1497年~1564年(享年68歳)
原 虎胤(はら とらたね)は、甲斐武田家に仕えた武将です。

武田二十四将の一人で、武勇名高く、攻城戦に長けていたことから「鬼美濃」と称されていましたが、戦場では負傷した敵将を敵陣まで送り届けるなど、人情深い大将でもあったといわれています。

信虎時代

虎胤は明応6年(1497年)、原友胤の子として生まれました。

元々、原家は下総国衆・臼井原家の一門でしたが、永正10年(1513年)に小弓城合戦で足利義明軍に敗北して居城・小弓城を奪われ、虎胤は父と甲斐へ逃れて武田信虎に仕えたとされています。

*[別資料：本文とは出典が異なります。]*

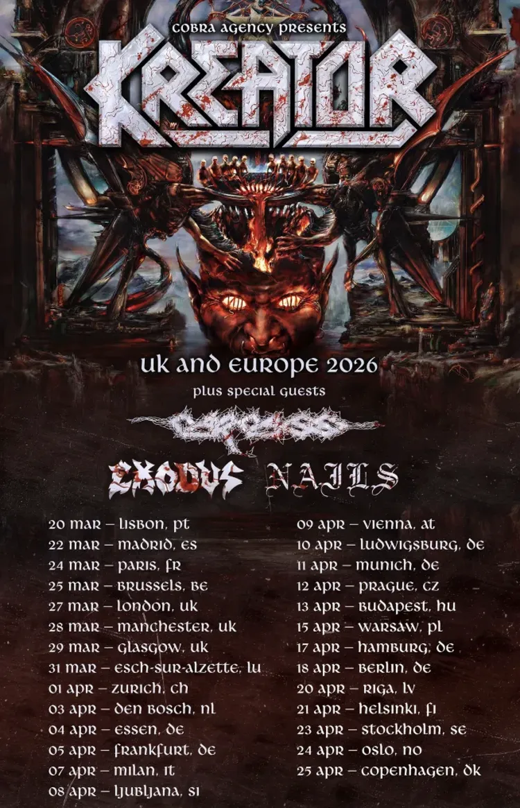 ⊙ Kreator + Carcass + Exodus + Nails - Dienstag, 31. März ab 17 Uhr, in der Rockhal Box, Esch-sur-Alzette ![]() |

父・友胤は信虎の下で功績を挙げ、虎胤も信虎から「虎」の一字を賜り足軽大将として信虎に仕え、大永元年(1521年)には飯田河原戦で今川軍の福島正成(北条綱成の実父)を討ち取る功績を挙げました。

天文10年(1541年)に信虎が武田晴信(信玄)に追放されたとき、信虎から重用されていた虎胤は、主君追放の知らせを受けて板垣信方や甘利虎泰に猛抗議したといわれています。

しかし、信虎追放後は信玄が武田家当主となったため、以降虎胤は信玄に仕えることになります。

信玄時代

天文11年(1542年)から信玄が始めた信濃侵攻の際、虎胤は信濃守護・小笠原家との戦いで活躍し、平瀬城(長野県松本市)の城代を務めました。

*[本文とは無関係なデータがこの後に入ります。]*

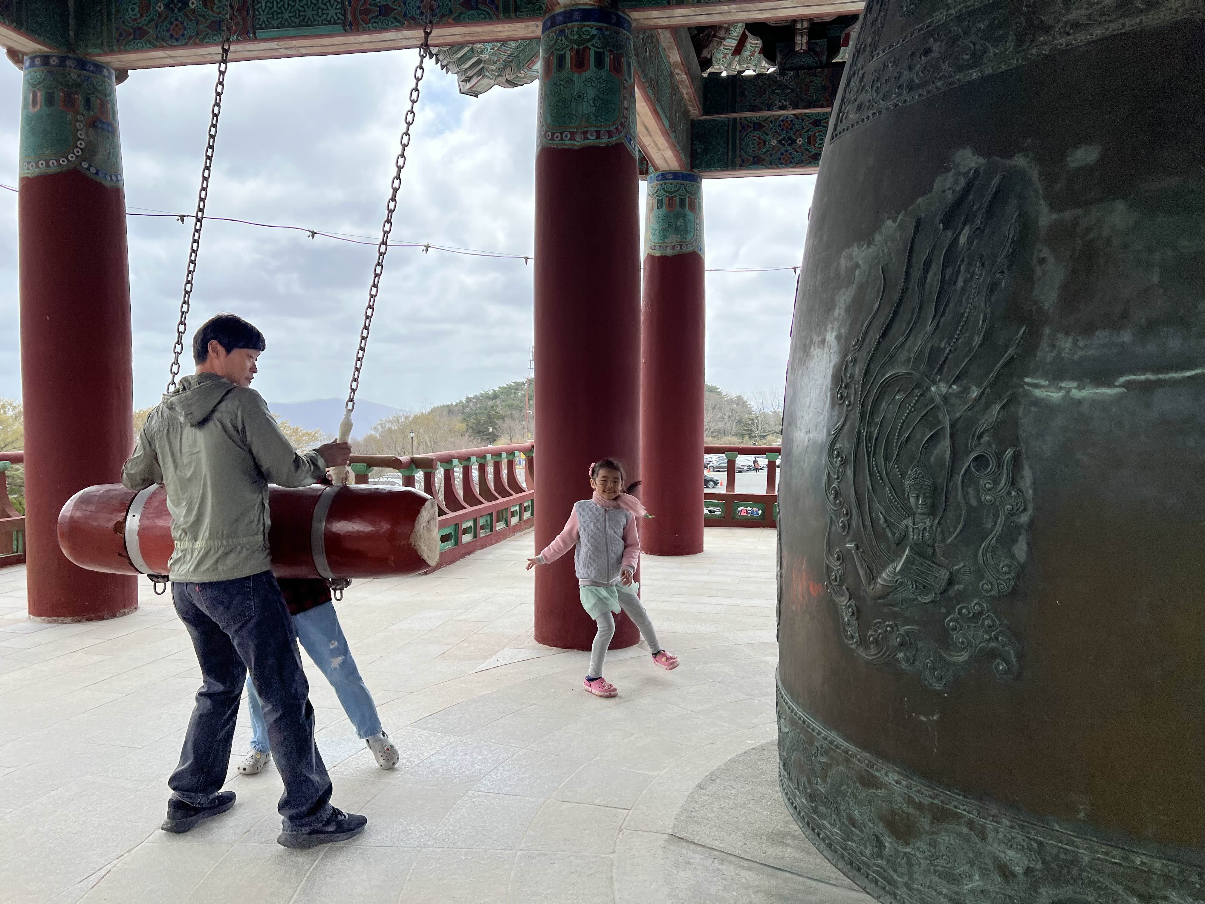 석굴암으로 올라가는 길에는 자연재해로 인해 도로 복구작업이 한창이더라고요. 낭더러지 길이라 매우 무섭습니다. 기부금을 천 원 받고 종도 쳐 볼 수 있게 해서 아이들이 각 한 번씩 쳤어요. 매우 좋아하네요. 영상을 찍는다고 했다가 버튼을 안 누른 거 있죠..... 바보+1

その後、浄土宗信者であった虎胤に信玄が日蓮宗に改宗するよう迫ると、虎胤はこれを拒絶したため甲斐を追放され、相模の北条家へ身を寄せます。

しかし、天文23年(1554年)に甲相駿三国同盟が結ばれた際に武田家に戻り、北条氏康は虎胤に惜別の念を表したといわれます。

永禄4年(1561年)の信濃割ヶ嶽城の攻略で負傷して以降、虎胤は合戦に参加せず一線を退き、永禄7年(1564年)に病没しました。

子孫

虎胤には横田康景、盛胤、重胤の3人の息子と2人の娘がいたとされ、康景は武田家足軽大将・横田高松の婿養子になって横田姓を名乗り、天文19年(1550年)の戸石城攻め(砥石崩れ)で養父・高松が戦死すると家督を継いで信玄に仕えました。

その後は足軽大将として騎馬30騎・足軽100人を与えられ、信玄没後は武田勝頼に仕えましたが、天正3年(1575年)の長篠の戦いで51歳で戦死しました。

次男・盛胤は虎胤没後、原家の家督を継いで信玄・勝頼に仕えましたが、兄と同じく長篠の戦いで戦死し、三男・重胤の家系は武田家滅亡後に真田昌幸を頼って落ち延び、松代藩・沼田藩真田家に仕えたといわれています。

虎胤の2人の娘のうち、1人は「鬼虎」と呼ばれた小畠虎盛の子・小幡昌盛の正室となり、信玄が「鬼(鬼虎)の子には鬼(鬼美濃)の娘が相応しい」として婚姻を取り計らったといわれ、もう1人の娘は武田足軽大将・初鹿野忠(はじかの ただつぐ)の側室となりました。